Airway Pressure Release Ventilation (APRV, Bivent)
Tips:Authors: Buesing, Bauman, Berning
Use Peak Airway Pressure in Pressure Modes and Plateau Pressures in Volume Modes of Ventilation to determine initial P1 setting.
A recruitment maneuver of 40 cmH2O of peep for 40 seconds can be done after circuit changes, replacement of expiratory filters, changing of Ballard suction catheters, going to/returning from transport where patient was manually bagged, or by physician written order.
Initiate weaning for conventional management if:
Physiologic parameters are acceptable
Spo2 >92%, fio2 60%
EtCO2 <58 mmHg
ABG = pH >7.30, PaCO2 <50 mmHg, Pao2 >60 mmHg
Resolving disease / trauma process
“Drop and Stretch” method of weaning: reduce level of P high and increase T high until mode is converted to CPAP as a method of SBT before extubation. Dropping and stretching too quickly leads to derecruitment of alveoli.
Notes:
-T1 and T2 will need to be adjusted clinically.
-Release Rate(cycles/minute)=60/(T1+T2). This rate should not be>12
-Results are not instantaneous. The PaO2 will continue to improve as more alveoli are recruited. (PaO2 of 60mmHg is low end)
-For obstructive lung disease patients, use longer T2 times
-T2 should be titrated to allow between 50% and 75% of the volume out of the lung (look at the flow waveform)
-Patients will have retained lung volume, (This is not true auto-PEEP and is a desired effect of APRV)

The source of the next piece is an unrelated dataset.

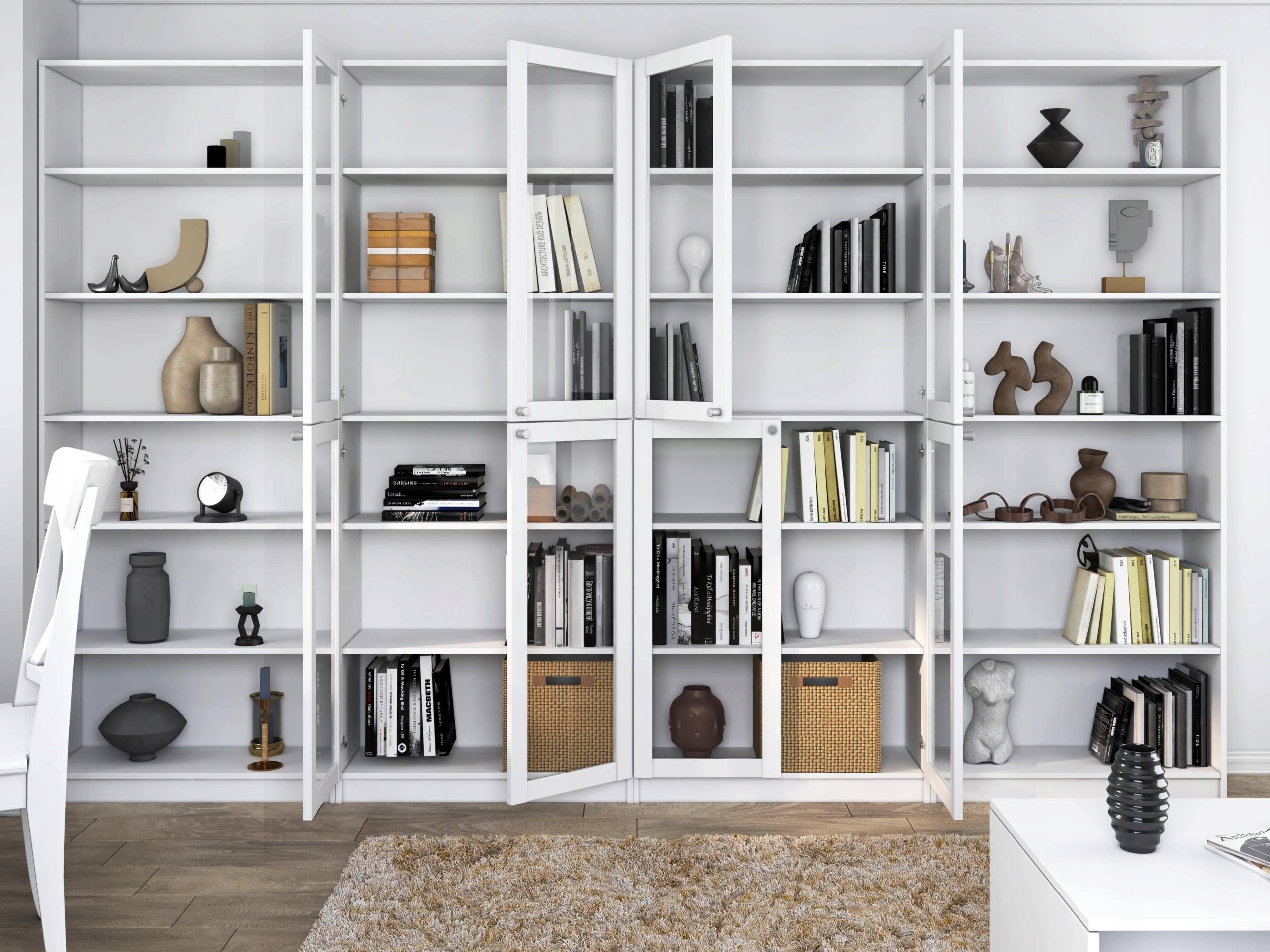 Классическая высокая и широкая офисная витрина/полка — идеальное решение для хранения книг, игрушки, папки и фирменные материалы.

-LONGER T1 AND SHORTER T2 = MORE RECRUITMENT/OXYGENATION AND LESS CO2 CLEARANCE
-SHORTER T1 AND LONGER T2 = LESS RECRUITMENT AND MORE CO2 CLEARANCE
-MOST SPONTANEOUSLY BREATHING PTS WILL REGULATE THEIR OWN CO2. Always allow as much spontaneous breathing as possible.
-Do not use neuromuscular blockade.
-Worry about oxygenation first and the CO2 second. (ph of 7.20, think permissive hypercapnia.)
-If patient is inhaling too forcefully and using accessory muscles: may still be under-recruited. Can increase P1, or decrease T2 as long as <75% PEFR maintained on flow curve.
-If patient is exhaling too forcefully: may be overinflated (also diaphragm will be flat on CXR). Can decrease P1 and increase T1 to maintain the same mean airway pressure, or increase the T2 as long as >25% of PEFR maintained on flow curve.